Of course the real issue is that I know nothing about making movies. Permits, equipment, and most importantly distribution are all mysteries to me. So after at least one go-nowhere attempt to film this thing, I’ve started replying to any query about doing this or any of my scripts as movies with “Sounds great, let me know how it works out.”
Repeated theme alert
- Something something pop culture reference: Aaron Sorkin once wrote the line “Good writers borrow from other writers. Great writers steal outright.” I hope he meant it, because on page 6 I stole a line from Sports Night.
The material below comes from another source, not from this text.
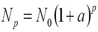Les variables des formules du type {Np=No* (1+a) } sont discontinues. Les graphes images seront cependant tracés en mode continu, sous la forme :
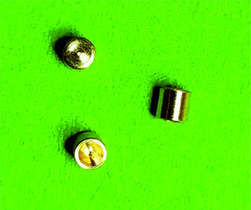 Mosazná ložiska do vozů pro uložení dvojkolí s hrotem.

- Let’s sit and exchange backstories for twenty minutes like that doesn’t kill the pacing! There had to have been a more engaging way to convey how Selena ended up with this bag.
- Tyler isn’t quite “The quiet, average guy the ladies unaccountably love,” because for most of the play Selena’s tolerating him at best… but he’s close. Still, at least he actually does things to earn affection.
- The funny yet menacing villains: a friend said to me, after reading the first draft, “You’ve done it. You’ve mastered the villains who are funny yet menacing. Now stop.” Good advice.
- So how is this one about your divorce? A huge part of Tyler’s arc is about realizing he’s not in love with Cindy anymore, and that’s okay. So this one’s about letting go.
When next we visit this series, prepare for the return of some old friends from old scripts.